RECORDS FOR THE EXERCISE:

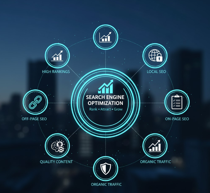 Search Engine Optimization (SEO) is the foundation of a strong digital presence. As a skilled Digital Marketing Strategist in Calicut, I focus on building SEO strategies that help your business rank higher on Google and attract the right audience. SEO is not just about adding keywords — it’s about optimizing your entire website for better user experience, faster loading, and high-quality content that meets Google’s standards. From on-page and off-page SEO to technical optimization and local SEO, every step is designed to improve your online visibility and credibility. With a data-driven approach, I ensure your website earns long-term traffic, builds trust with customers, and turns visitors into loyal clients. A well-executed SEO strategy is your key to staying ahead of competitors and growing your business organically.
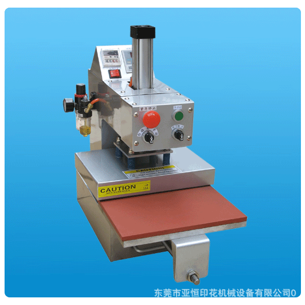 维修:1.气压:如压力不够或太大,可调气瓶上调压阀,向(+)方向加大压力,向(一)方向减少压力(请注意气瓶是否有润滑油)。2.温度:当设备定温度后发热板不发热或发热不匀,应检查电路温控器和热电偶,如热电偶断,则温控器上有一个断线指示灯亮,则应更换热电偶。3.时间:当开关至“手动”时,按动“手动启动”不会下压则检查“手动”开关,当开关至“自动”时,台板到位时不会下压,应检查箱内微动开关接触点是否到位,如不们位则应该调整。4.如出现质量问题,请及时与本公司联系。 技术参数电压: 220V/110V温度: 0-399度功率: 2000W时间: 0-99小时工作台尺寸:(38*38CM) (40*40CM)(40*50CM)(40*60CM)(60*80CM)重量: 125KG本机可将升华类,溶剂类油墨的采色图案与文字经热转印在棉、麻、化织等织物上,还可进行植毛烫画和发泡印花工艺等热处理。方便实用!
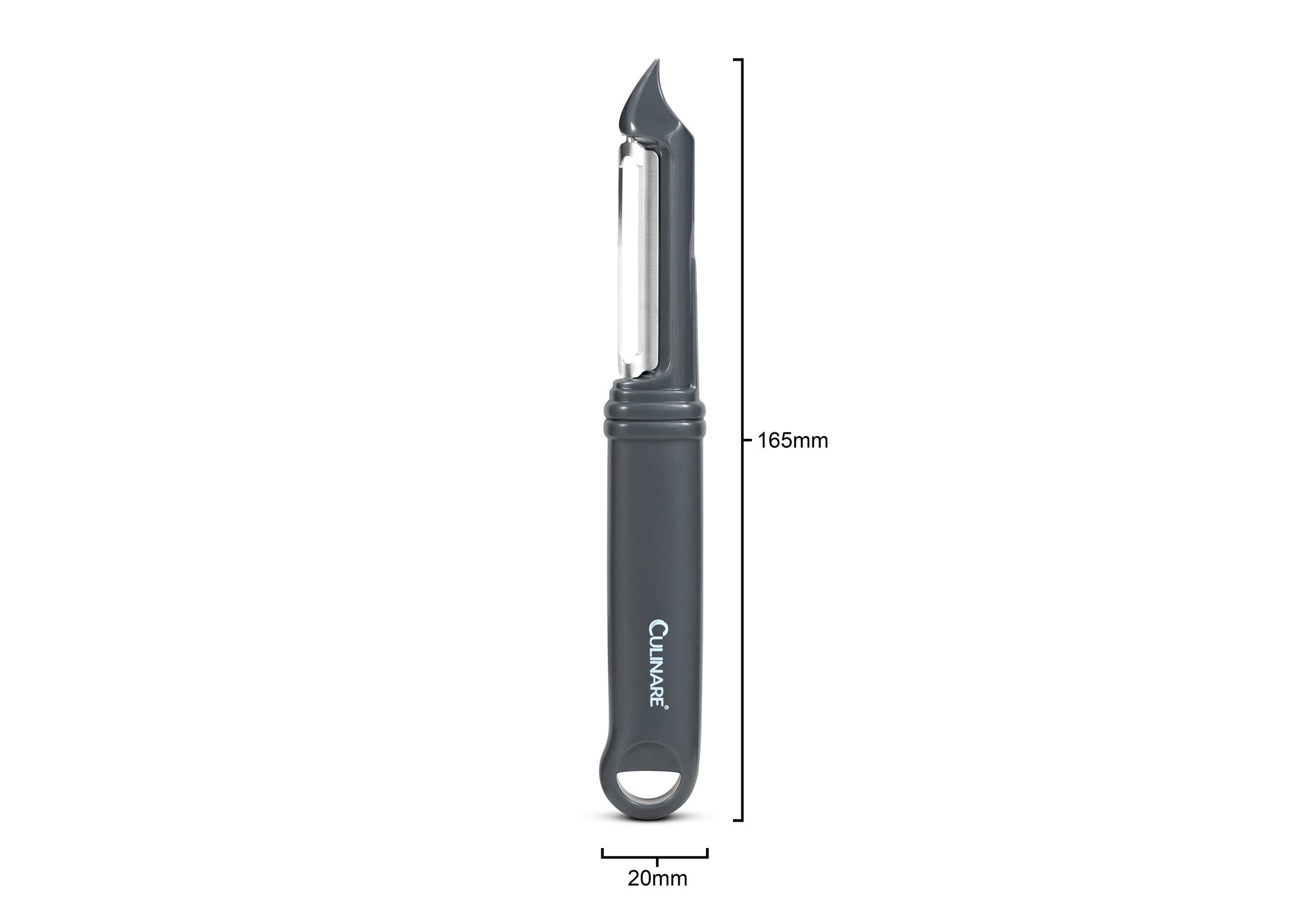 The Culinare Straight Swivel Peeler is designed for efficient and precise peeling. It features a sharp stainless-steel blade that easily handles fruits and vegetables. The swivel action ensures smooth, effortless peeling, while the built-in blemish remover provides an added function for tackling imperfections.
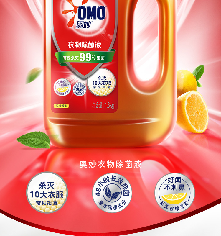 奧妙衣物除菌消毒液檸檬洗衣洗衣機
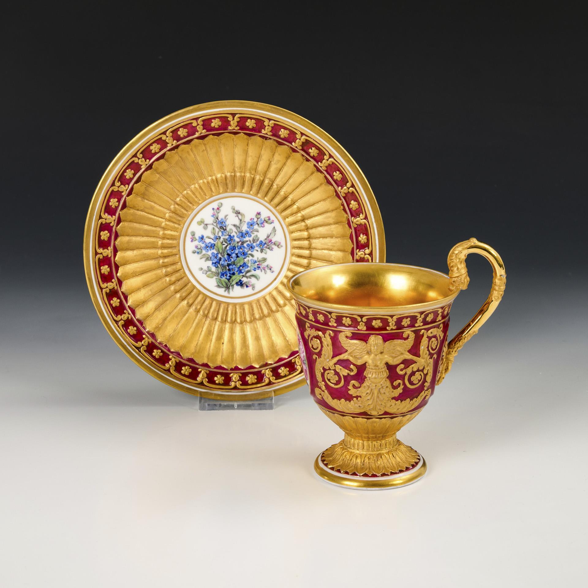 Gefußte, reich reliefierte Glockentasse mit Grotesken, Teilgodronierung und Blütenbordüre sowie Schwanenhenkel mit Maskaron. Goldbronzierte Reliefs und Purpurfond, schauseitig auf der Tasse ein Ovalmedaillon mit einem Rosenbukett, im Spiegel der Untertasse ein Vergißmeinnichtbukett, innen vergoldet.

EXERCISE AIM: Print each record as it appears above, dropping every picture from the copy.

WRITTEN SOLUTION:
 Search Engine Optimization (SEO) is the foundation of a strong digital presence. As a skilled Digital Marketing Strategist in Calicut, I focus on building SEO strategies that help your business rank higher on Google and attract the right audience. SEO is not just about adding keywords — it’s about optimizing your entire website for better user experience, faster loading, and high-quality content that meets Google’s standards. From on-page and off-page SEO to technical optimization and local SEO, every step is designed to improve your online visibility and credibility. With a data-driven approach, I ensure your website earns long-term traffic, builds trust with customers, and turns visitors into loyal clients. A well-executed SEO strategy is your key to staying ahead of competitors and growing your business organically.
 维修:1.气压:如压力不够或太大,可调气瓶上调压阀,向(+)方向加大压力,向(一)方向减少压力(请注意气瓶是否有润滑油)。2.温度:当设备定温度后发热板不发热或发热不匀,应检查电路温控器和热电偶,如热电偶断,则温控器上有一个断线指示灯亮,则应更换热电偶。3.时间:当开关至“手动”时,按动“手动启动”不会下压则检查“手动”开关,当开关至“自动”时,台板到位时不会下压,应检查箱内微动开关接触点是否到位,如不们位则应该调整。4.如出现质量问题,请及时与本公司联系。 技术参数电压: 220V/110V温度: 0-399度功率: 2000W时间: 0-99小时工作台尺寸:(38*38CM) (40*40CM)(40*50CM)(40*60CM)(60*80CM)重量: 125KG本机可将升华类,溶剂类油墨的采色图案与文字经热转印在棉、麻、化织等织物上,还可进行植毛烫画和发泡印花工艺等热处理。方便实用!
 The Culinare Straight Swivel Peeler is designed for efficient and precise peeling. It features a sharp stainless-steel blade that easily handles fruits and vegetables. The swivel action ensures smooth, effortless peeling, while the built-in blemish remover provides an added function for tackling imperfections.
 奧妙衣物除菌消毒液檸檬洗衣洗衣機
 Gefußte, reich reliefierte Glockentasse mit Grotesken, Teilgodronierung und Blütenbordüre sowie Schwanenhenkel mit Maskaron. Goldbronzierte Reliefs und Purpurfond, schauseitig auf der Tasse ein Ovalmedaillon mit einem Rosenbukett, im Spiegel der Untertasse ein Vergißmeinnichtbukett, innen vergoldet.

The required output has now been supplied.